В начале их знакомства она с нежностью сказала, что ее привлекли в нем чистота и открытость. Но коль скоро эти его качества не укрепили Танину любовь, ему теперь захотелось поменяться с нею местами. Нет, сам он не видел в себе ни чистоты, ни открытости. Похоже, эти слова имели своей целью удержать его на привязи.


Мысли сами собой перешли к проблеме честности. Честности в жизни, честности в искусстве. Как они связаны и связаны ли вообще. И каковы у него запасы честности, и надолго ли этих запасов хватит. Своим друзьям он заявил: если они когда-нибудь услышат, что он «отмежевался» от «Леди Макбет», то пусть знают, что он это проделал на сто процентов честно.


Он считает, что способен на сильные эмоции, но плохо умеет их выражать. Тут, впрочем, видится слишком большая поблажка самому себе, а следовательно, нечестность. По правде говоря, у него всегда была предрасположенность к неврастении. Ему казалось, он знает, чего хочет, но, добившись желаемого, он терял всякий интерес; а выпустив желаемое из рук, стремился заполучить обратно. Его, конечно, избаловали, ведь он рос «маменькиным сынком» и братом двух сестер; а вдобавок стал еще и человеком искусства, от которого ожидается «артистический темперамент»; а вдобавок еще и знаменитостью, отчего появилось в нем высокомерие, какое дает стремительная слава. Малько в лицо упрекал его за «растущее самомнение». Но в основе всего лежала тревога. Это чистой воды неврастения. Нет, хуже: истерия. От кого ему достался такой характер? Явно не от отца и даже не от матери. Что ж, от своей натуры не уйти. Об этом тоже позаботилась судьба.

Умом он понимает, каков для него идеал в любви…

Тут лифт миновал третий этаж, четвертый – и остановился перед ним. Он поднял с пола чемоданчик; дверцы открылись, и на площадку вышел незнакомец, насвистывая «Песню о встречном». Вид автора музыки прервал мелодию на середине фразы.


Умом он понимает, каков для него идеал в любви. Как нельзя лучше выразил его чаяния Мопассан в новелле о молодом командире гарнизона некоего средиземноморского города. Антиба, кажется. Так вот: офицер этот уходил гулять в сосновый лес, где частенько встречал жену местного коммерсанта, мсье Париса. И естественно, влюбился. Женщина раз за разом отвергала его ухаживания, пока в один прекрасный день не сообщила, что ее супруг отбывает по делам. Они назначили свидание, но в последнюю минуту пришла телеграмма: завершив дела, муж собирался приехать домой тем же вечером. Сгорая от страсти, командир гарнизона объявил осадное положение и приказал до утра запереть городские ворота. Перед сошедшим с поезда мужем часовые скрестили штыки; пришлось ему вернуться на станцию и провести ночь в зале ожидания. И все это было устроено ради того, чтобы офицер мог насладиться быстротечными часами любви.

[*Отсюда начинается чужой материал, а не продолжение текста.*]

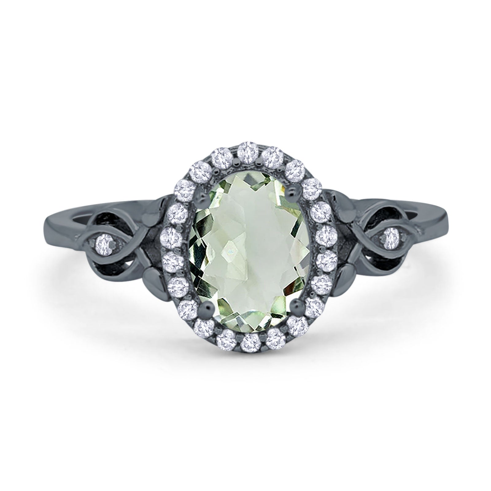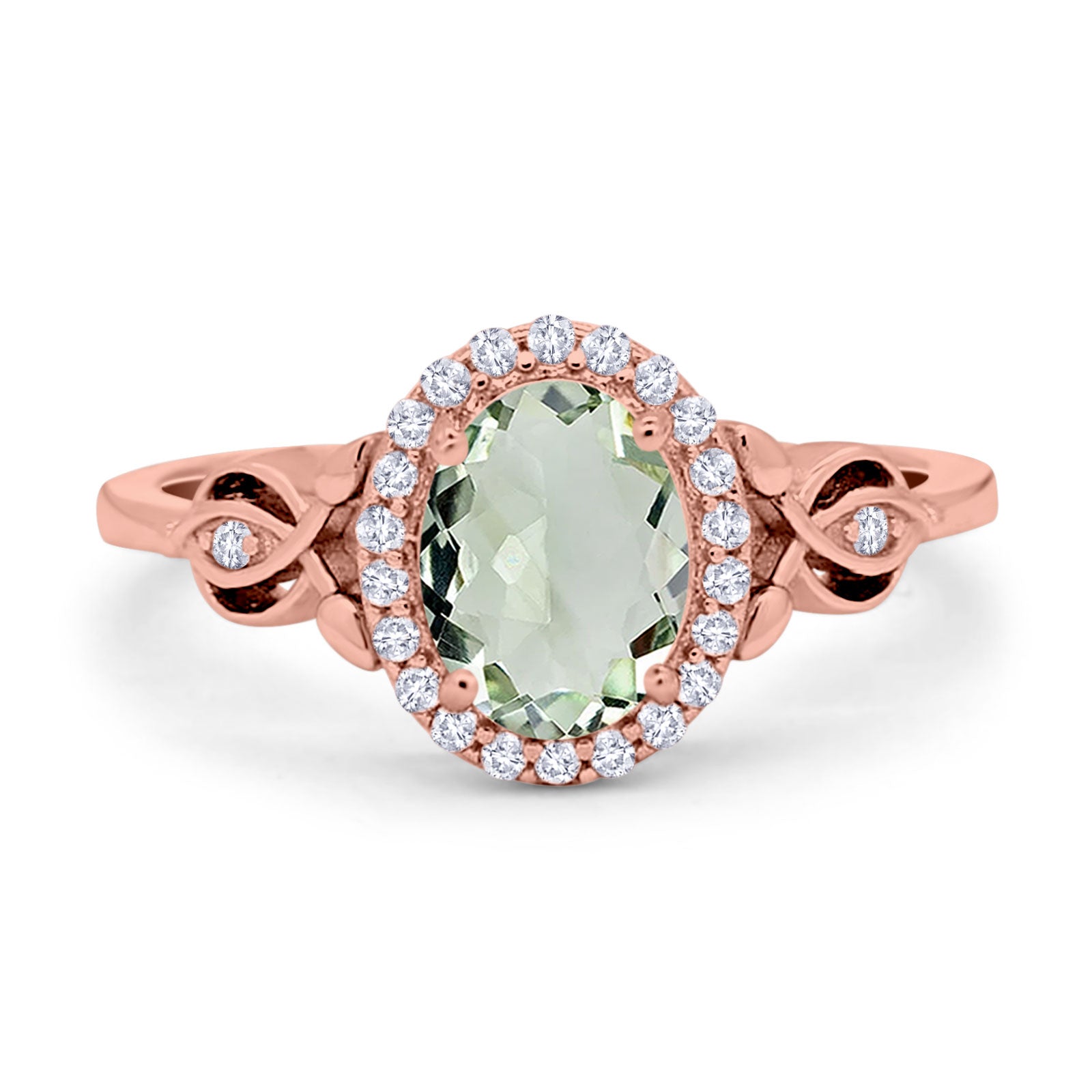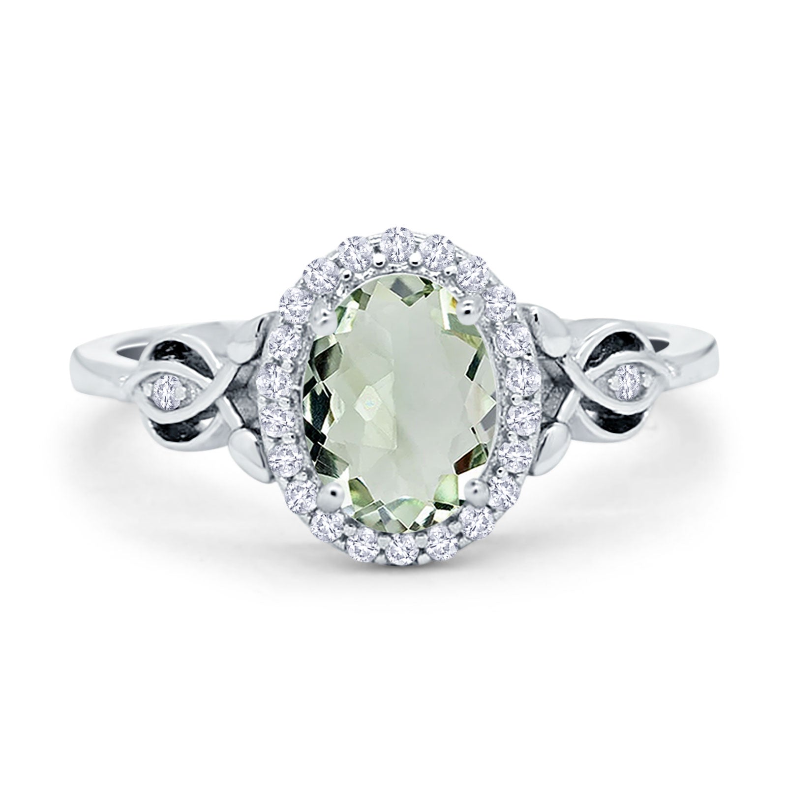 Vintage Style Oval Natural Green Amethyst Prasiolite Halo CZ Split Shank Twisted 925 Sterling Silver
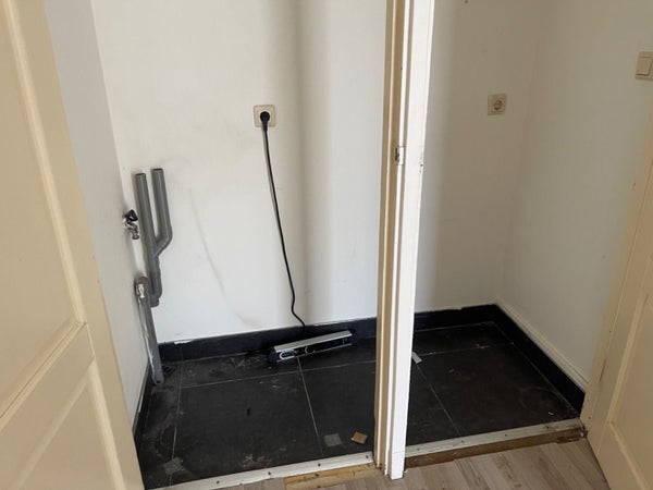 Kast met daarin aansluiting voor de wasmachine en droger,
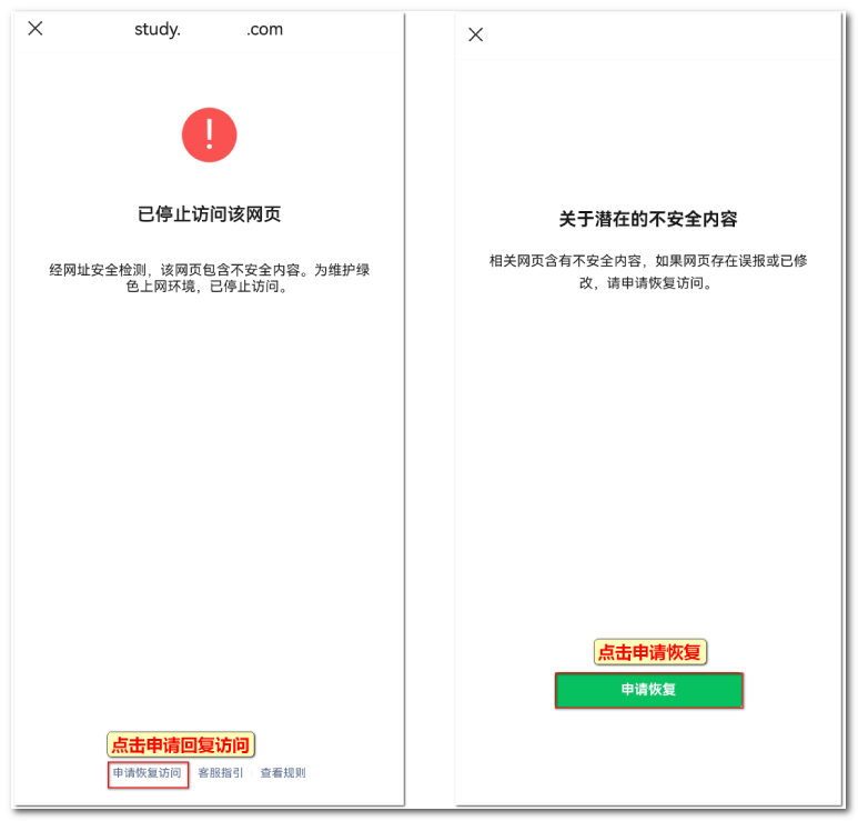 二、申请恢复访问的步骤
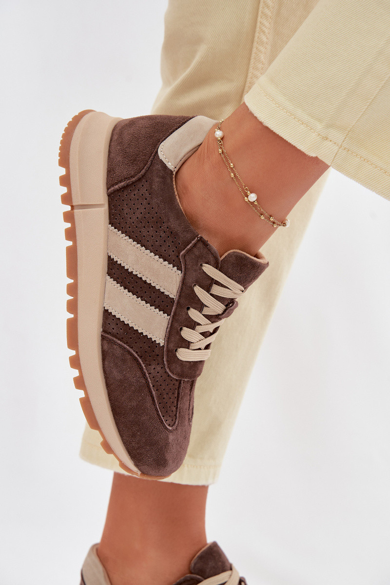 Dames sneakers van kunstleer bruine kleur
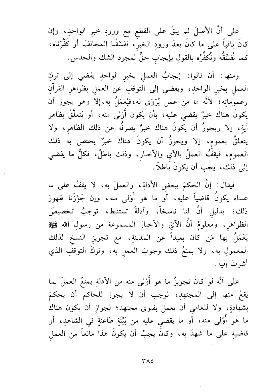 ومنها: أن قالوا: إيجابُ العملِ بخبرِ الواحدِ يفضي إلى تركِ العملِ بخبرِ الواحدِ، ويفضي إلى التوقفِ عن العملِ بظواهرِ القرآنِ وعموماتِه، لأنَّه ما من عمل يُرْوَى له، فيُعمَلُ به، إلا وهو يجوز أن يكونَ هناك خبرٌ يقضي عليه؛ بأن يكون أَوْلى منه، أو يَتعلَّقُ بظاهر آيةٍ، إلا ويجوزُ أن يكونَ هناك خبرٌ يصرفه عن ذلك الظاهرِ، ولا يتعلقُ بعمومٍ، إلا ويجوزُ أن يكونَ هناك خبرٌ يختص به ذلك العموم، فيقفُ العملُ بالآي والأخبارِ، وذلك باطلٌ، فكل ما يفضي إلى ذلك، يجب أن يكونَ بَاطلاً.

Если честно, вообразить себя на гарнизонной службе в крепости или хотя бы у полуразрушенных османских ворот в сонном курортном городе у Черного моря он не мог. Но здесь важен принцип. Вот так любят: не ведая ни страха, ни преград, ни тревог о завтрашнем дне. И ни о чем не жалея впоследствии.

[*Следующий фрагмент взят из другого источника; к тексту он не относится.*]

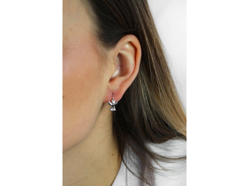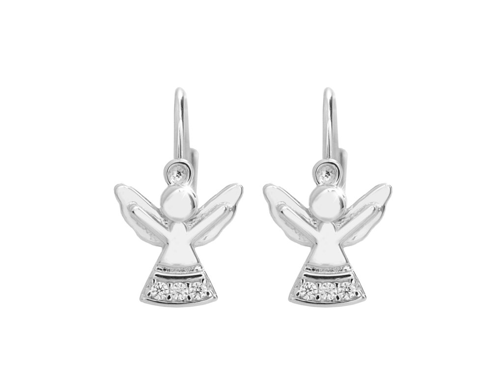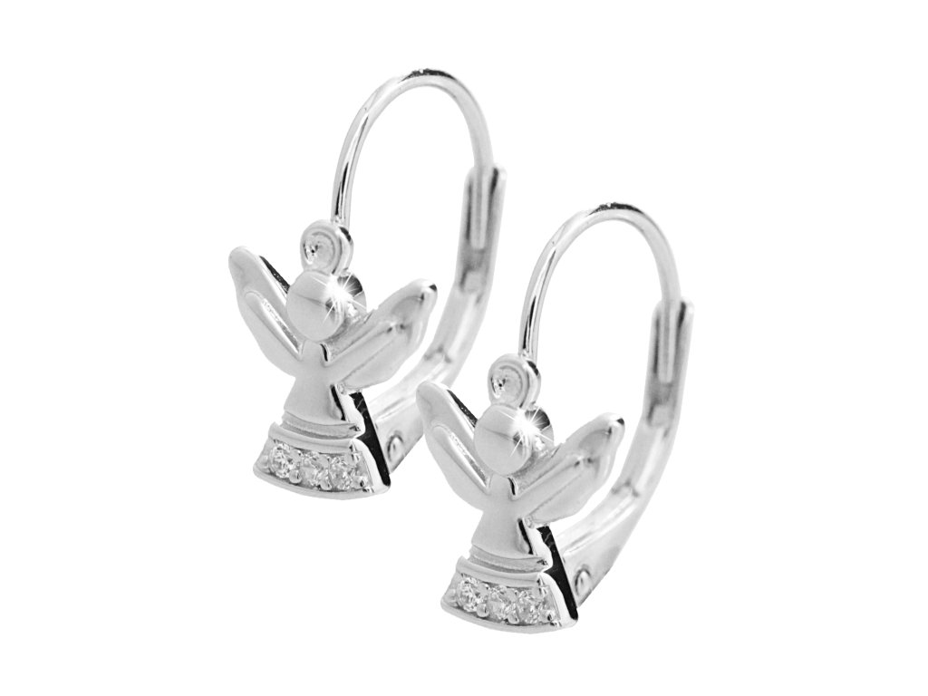 Stříbrné náušnice klapky andílek s Kubickými zirkony na sukni Crystal (Stříbro 925/1000)
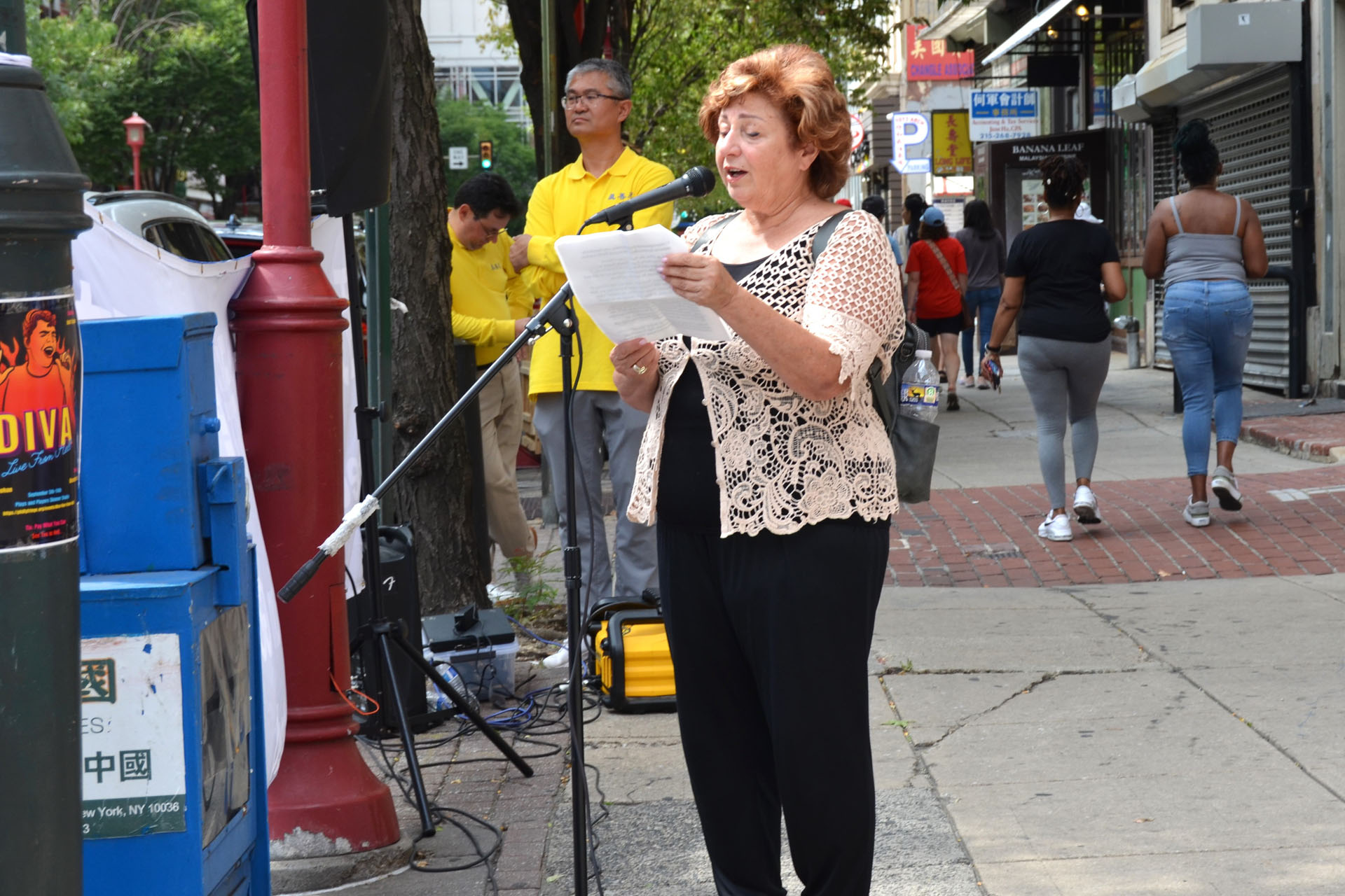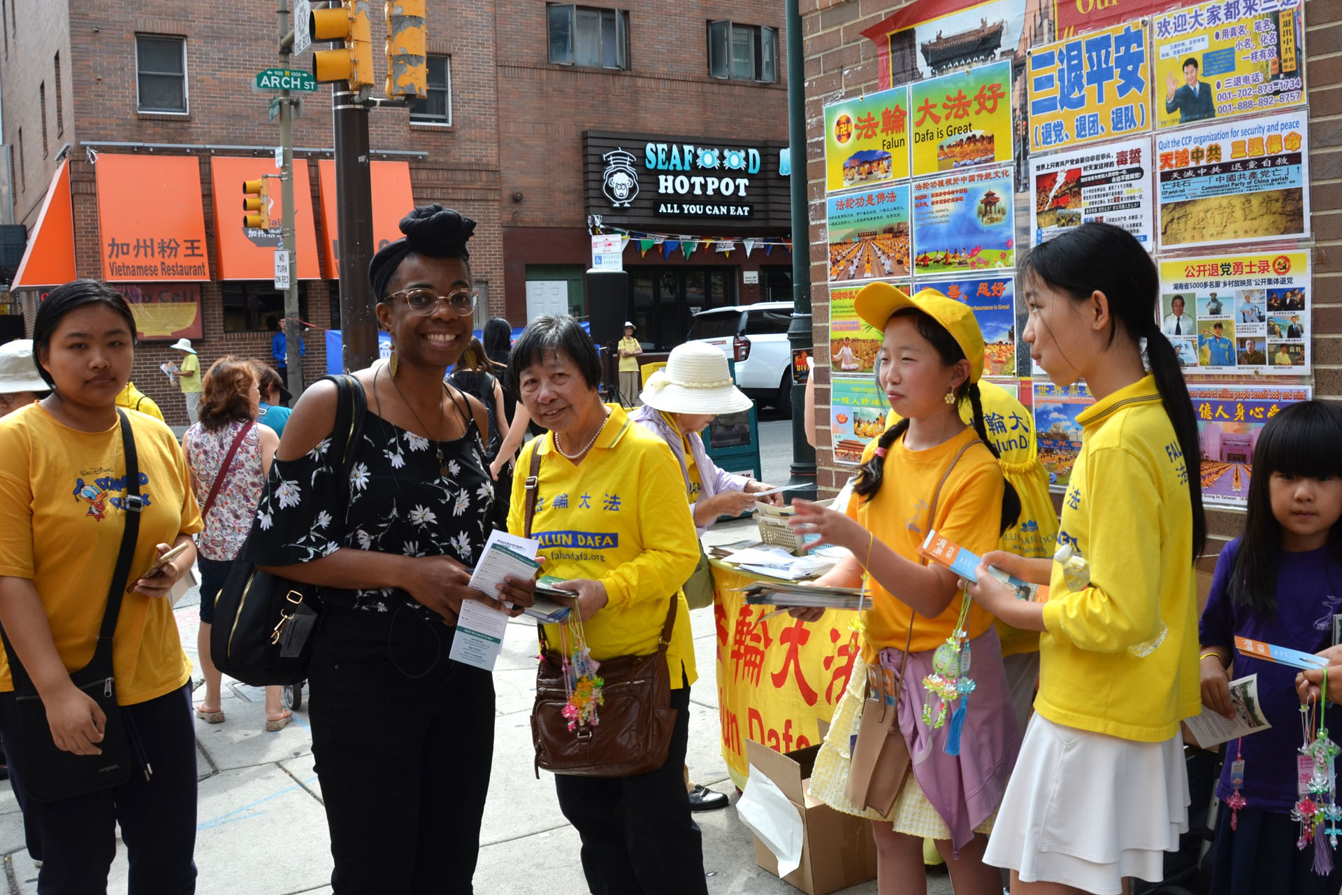 Falun Gong praktikanti održali su skup u kineskoj četvrti Philadelphije 31. kolovoza 2024. kako bi razotkrili brutalni progon Falun Gonga kojeg provodi Komunistička partija Kine (KPK). Skup je istaknuo prisilno vađenje organa zatvorenicima savjesti, kojeg provodi KPK. Govornici su naglasili da je ovo kritično pitanje ne samo za Kineze, već i za Amerikance. Nekoliko prolaznika zahvalilo je praktikantima na njihovim naporima da razotkriju ove zločine i rekli su da će pomoći prenijeti informacije većem broju ljudi.

Благородные слова. Благородные чувства. И все же такие поступки выходили за пределы его понимания. Он мог представить, что на такую выходку был способен молодой лейтенант Тухачевский, стань он командиром гарнизона. Что же касалось его собственной безумной страсти… тут совсем другая история. Как-то поехал он на гастроли вместе с Гауком: дирижер неплохой, но обыватель до мозга костей. Дело было в Одессе. За пару лет до женитьбы на Ните. В ту пору он еще не терял надежды разжечь у Тани ревность. К слову сказать, и у Ниты, пожалуй, тоже. После отличного ужина он, подцепив двух девушек, перешел в бар гостиницы «Лондонская». Не исключено, правда, что его самого подцепили. Во всяком случае, они еще в ресторане подсели к нему за столик. Обе – миловидные; его сразу потянуло к той, которую звали Розалия. За беседами о литературе и искусстве он оглаживал ее бедра. Потом вызвался отвезти девушек домой на извозчике и по пути беззастенчиво трогал Розалию всю, а подружка отводила глаза. Сомнений не было: он влюбился. На другой день красавицы собирались уезжать на пароходе в Батум, и он примчался их проводить. Но дальше причала девушки не уехали: подругу Розалии арестовали за торговлю собственным телом.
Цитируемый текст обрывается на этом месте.